Last post 05-26-2020, 8:04 AM by ddwyer. 23 replies.
Sort Posts: Previous Next
  • File Activity Anomaly Report
    Posted: 04-03-2020, 6:21 AM

    I activated the File Activity Anomaly Report a couple of months ago and strangely I receive reports from 17 Microsoft FileServers every Saturday morning from one particular domain (which accounts for about of half of the servers (all running the same software) - these are a mixture of 2008, 2012 & 2016 Windows OS). I've subsequently used CVIOMonitor.log in an attempt to troubleshoot however when viewing the properties of identified files they are displaying that each file was last amended in 2014. All of the servers are running Kaspersky AV and I can locate a limited number of 4670 – permissions on an object were changed’ entries in some of the server event logs (but not all).

    I really don't want to have to disable this feature on these servers as the Alerts is obviously attempting to tell me something but I'm unable to validate the accuracy of the reports.

  • Re: File Activity Anomaly Report
    Posted: 04-03-2020, 9:44 AM

    Hi Gateshead,

    Is it possible to escalate this case so that we can check what is the issue here? We monitor the activity on the machine and alert when we see an abnormal activity on the machine. We would like to see why there is any abnormal activity happening. It will be easy if you can escalate the case and we can debug the issue

     

    Thanks,

    Karthik

  • Re: File Activity Anomaly Report
    Posted: 04-03-2020, 10:23 AM

    Hi Gateshead,

    Is it possible to escalate this case so that we can check what is the issue here?
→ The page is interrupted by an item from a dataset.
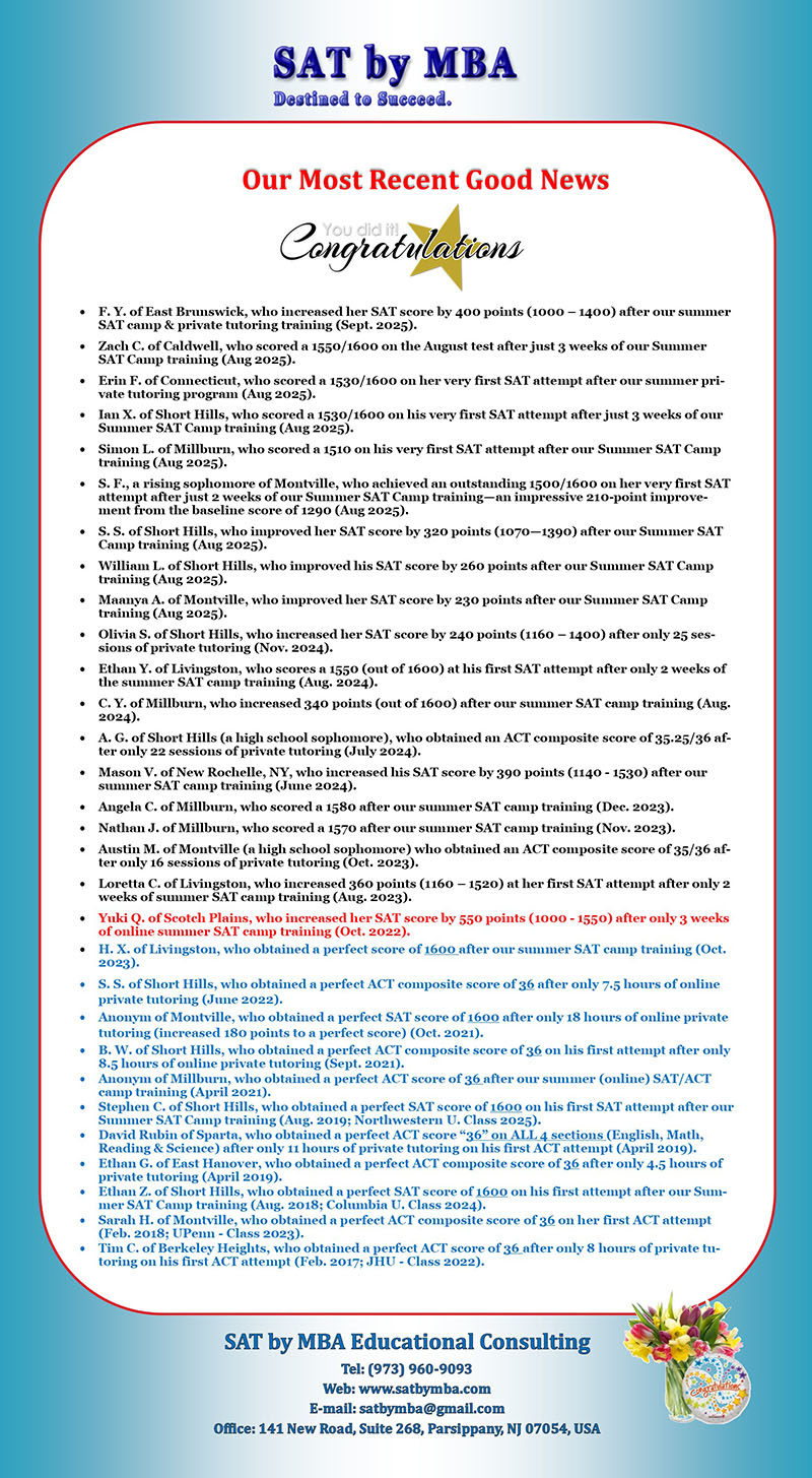 C. Y. of Millburn, who increased her SAT score by 340 points after our summer SAT camp training. (Aug 2024)

We monitor the activity on the machine and alert when we see an abnormal activity on the machine. We would like to see why there is any abnormal activity happening. It will be easy if you can escalate the case and we can debug the issue

     

    Thanks,

    Karthik

  • Re: File Activity Anomaly Report
    Posted: 04-16-2020, 5:33 PM

    Alas some two weeks after raising Incident 200406-145 not much progress had been made. So this afternoon, in order to make some progress, I arranged for Kaspersky FULL scans to be manually ran on all problematic windows file-servers and the File Anomaly Alerts duly triggered. So, I now know that Kaspersky is triggering false positive Alerts. The question is how do I reconfigure CommVault and/or Kapersky to work together in perfect harmony? I don't want to deactivate the honeypot as this will reduce Ransomware protection.   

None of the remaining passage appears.